By Carol Volkart, DRA Newsletter Editor
More danger. Extra time. Less independence. That’s what Bus Balancing has meant for a blind Dunbar resident who has started a website and petition to publicize the impact of TransLink’s bus-stop-cutting program.
“I now have to ask strangers to guide me along streets and across intersections,” says Stephanie, a physically fit woman whose carefully established routines were turned upside-down by the loss of stops on the No. 7 and No. 2 routes.
TransLink says its Bus Balancing program is aimed at improving travel times and reliability while maintaining convenient access for passengers, but Stephanie says that for those coping with mobility or disability issues, it’s the opposite.
“I am very independent, but removing the bus stops is a huge problem and will be for so many other people,” she says. “I see it stopping people from going out and about, so it’s more isolation for seniors and people with disabilities.”
She says much of TransLink’s “propaganda” about Bus Balancing is misleading, and some is simply not true.
While TransLink says the program could cut two-and-a-half minutes off some one-way trips, providing an easier and more pleasant transit experience, that isn’t the reality for those struggling to get to more distant stops, she says. Its statement that it wouldn’t cut stops in busy convenient areas is the opposite of what she has experienced. Its assurance that bus stops won’t be so far apart as to make transit inaccessible is also not true. Many are four blocks apart, an impossible distance for those with mobility and disability issues, frail seniors, and people carrying young children and loads of groceries.

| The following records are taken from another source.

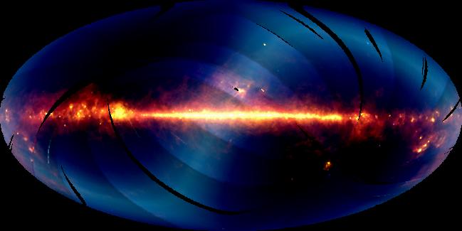 | Im Fern-Infraroten strahlt die Ebene der Milchstrasse hell (der hoizontale Band im Bild). Der Staub der Ebene der Ekliptik (mit darin unser Planetensytem) leuchtet als schwaches, S-förmiges Band quer durch das Bild. Die Streifigkeit ist ein Artefakt der Datenverarbeitung, die dunkle Gebiete sind Streifen ohne Messdaten. (Bild erarbeitet im IRAS Projekt; Link zu IRAS) |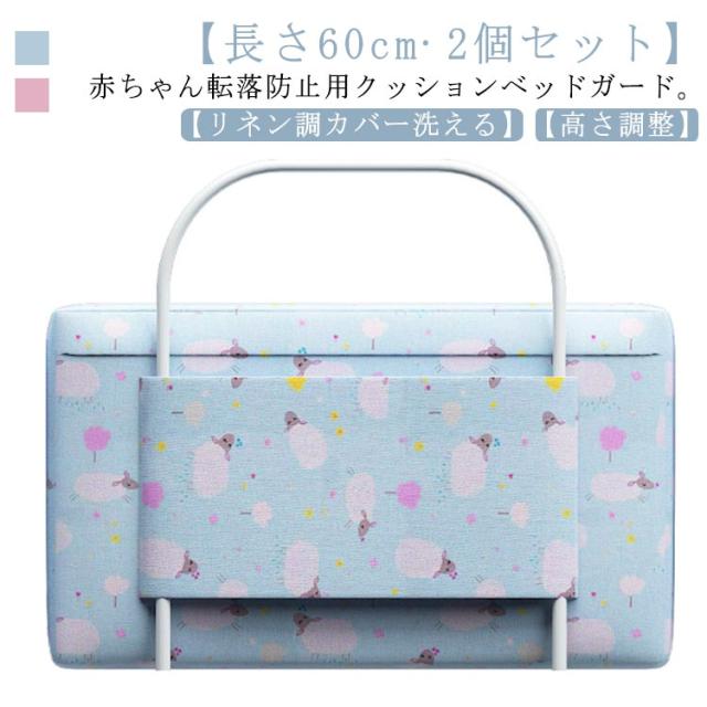 ベッドガード クッション 2個セット ベッドフェンス 赤ちゃん ベビー 転落防止 落下防止 クッションベッドガード ハイタイプ ベッド サイドパット サイドガード ベッド柵 寝返り防止 ケガ防止 柔らかい リネン調 カバー 洗える 高さ調整可能 アニマル柄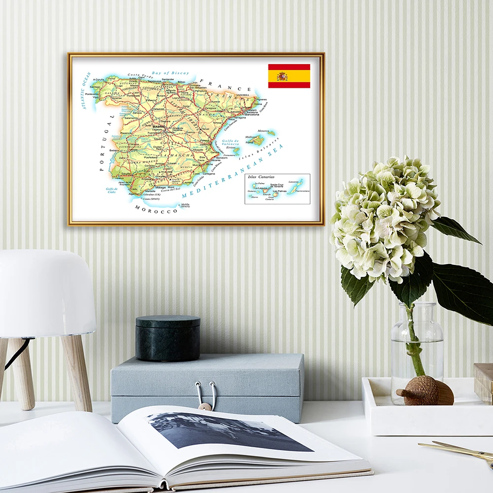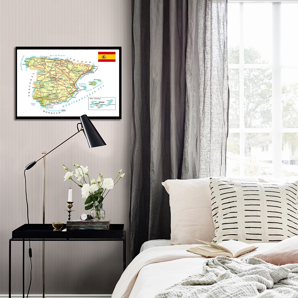 59*42 см карта Испании (в испанском) настенный постер, холст, живопись, гостиная, домашний декор, школьные принадлежности, подарок для путешествий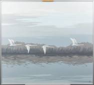 Pieter Jan in 't Veld (20e eeuw), opvliegende zwanen boven de waterkant, olieverf op board, r.o. gemonogrammeerd en gedateerd '84, 88 x 99 cm

In fact, the new program “excludes seniors and people with disabilities from being able to access parts of transit so it’s a loss of mobility,” she says. “It also affects anyone who has had a stop removed where they live and for people with small children it makes it more difficult to get around.”

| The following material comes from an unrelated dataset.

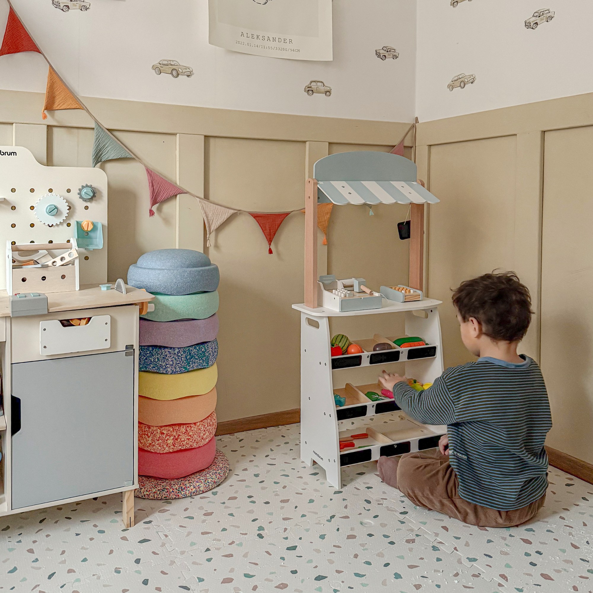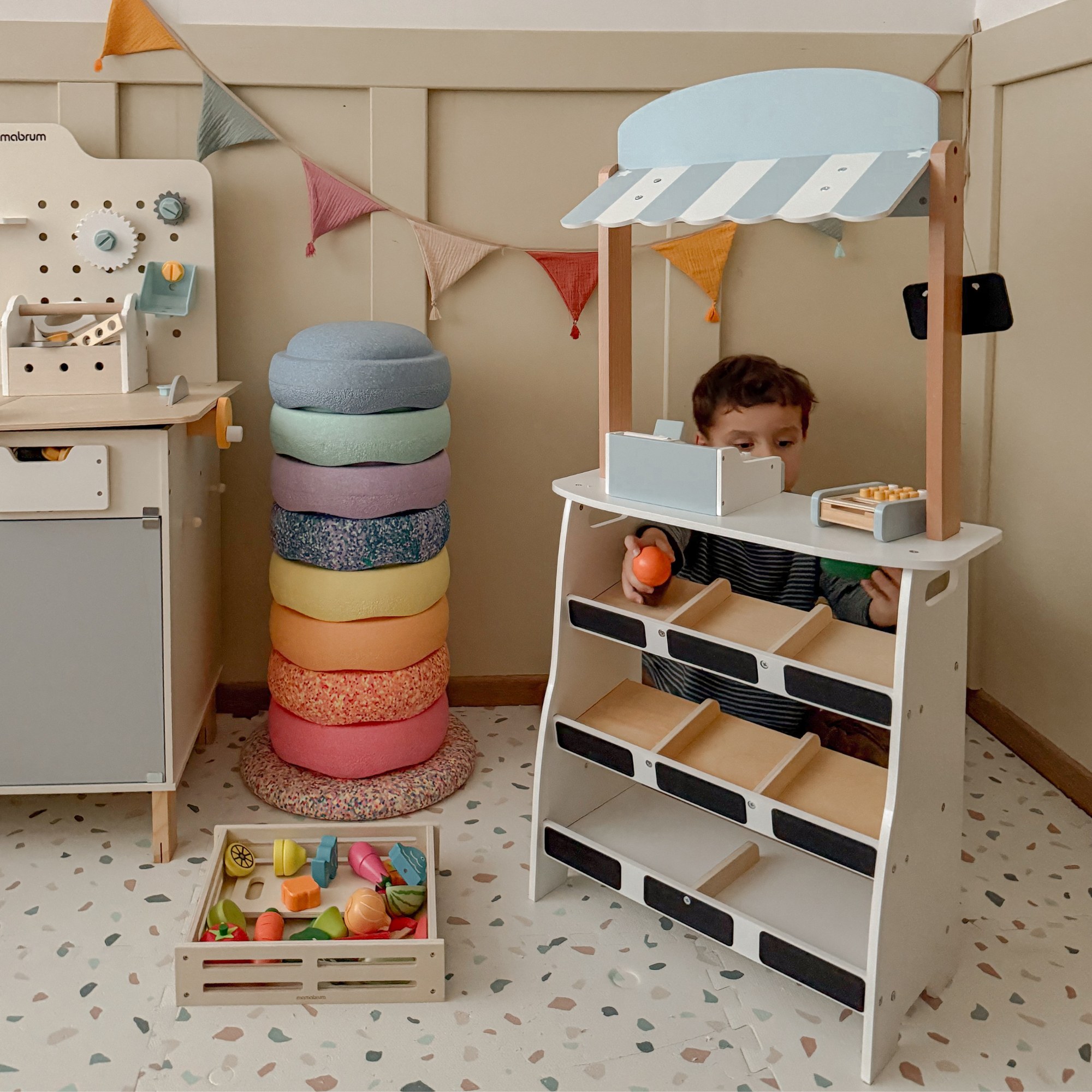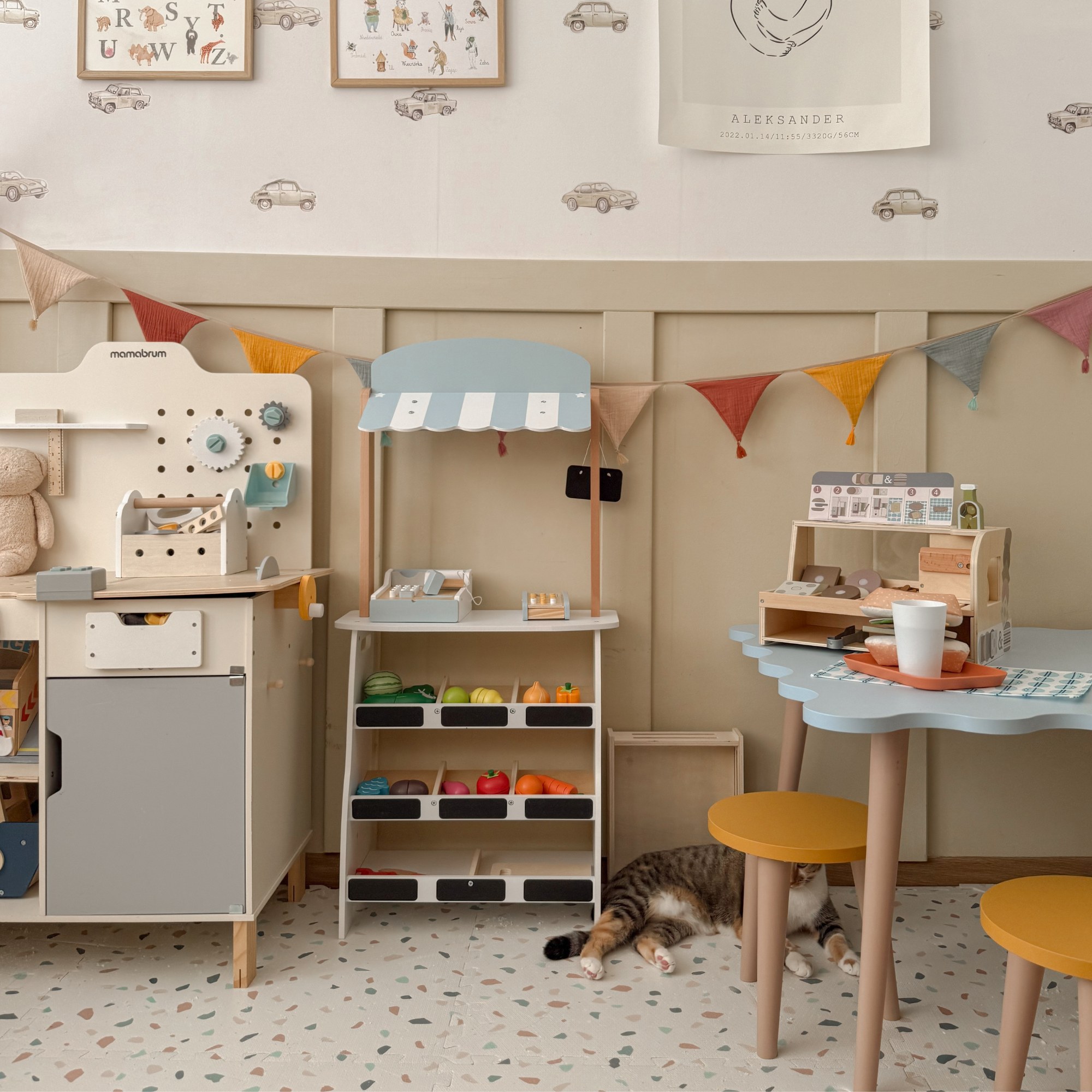 Produsele sunt identice cu cele reale, însă nu au margini ascuțiteMaterialul și dimensiunea accesoriilor au fost adaptate la nevoile copiilor mici, permițându-le să cunoască diferitele fructe și legume și funcțiile lor în deplină siguranță.

The reality, she says, is that Bus Balancing is “backward thinking and does not provide the service that is needed now or into the future.”
Stephanie gave three examples of how bus-stop cuts have made her life more inconvenient, stressful and dangerous:
- Fourth and Vine was a shopping hub for her, with its Safeway, Whole Foods and Shoppers Drug Mart on three corners easily accessible from east and westbound stops at Vine. The stops were removed when the No. 4 and 7 routes were “balanced” earlier this year. Now she gets off a stop early, at Balsam, and must depend on finding someone who will guide her the extra block to Whole Foods; she says it takes three months to fully learn a new block. “For the first time in 15 years of getting my groceries at Whole Foods, one of the employees there guided me to the bus stop because it was further for me to walk and it was a new stop and I had lots of food on my back, so lots of weight.”
- Removal of the No. 2 stop at 10th and Macdonald has cost her time, independence and added a dangerous intersection to her route. “It is a transfer point so people would get off the bus at 10th then walk to Broadway and turn right to catch the 99, 9 and 14 when the 14 was going east on Broadway,” she notes. Now, she says, she must catch an earlier bus to make her transfer on time, get off at Broadway on the north side of Macdonald “and have to ask a stranger to guide me across the street so I can get the bus. That intersection is a very busy intersection with people running red lights and turning right on to Macdonald.”
- Removal of the No. 7 stop at 26th and Dunbar has caused problems for her regular trip east along West 25th to Main, where she stocks up on two to three months’ worth of meat. She used to get off the northbound No. 7 bus at 26th, walk to 25th and turn right to catch the No. 25 on West 25th. Now she stays on the bus until 18th, then crosses Dunbar to catch the eastbound No. 25 at 17th. She chooses that route instead of crossing Dunbar at 25th because she’s concerned about aligning with the crosswalk when crossing such a wide street. “It adds up to 15 minutes to my trip and is an added stress.”
Stephanie says she started the website to draw attention to the problems Bus Balancing is creating for herself and others. She’s especially concerned because TransLink plans to expand the program throughout the region at the rate of four to eight routes a year, so all Metro residents will face similar issues.
Her website includes a petition link and offers readers a form they can fill out to tell TransLink what an “awesome” transit system looks like to them.
“Let’s not let TransLink’s short-sightedness dictate our lack of access to transit,” she writes. “Let’s design a transit system that is accessible for all people and one that is good for businesses and our community at large.”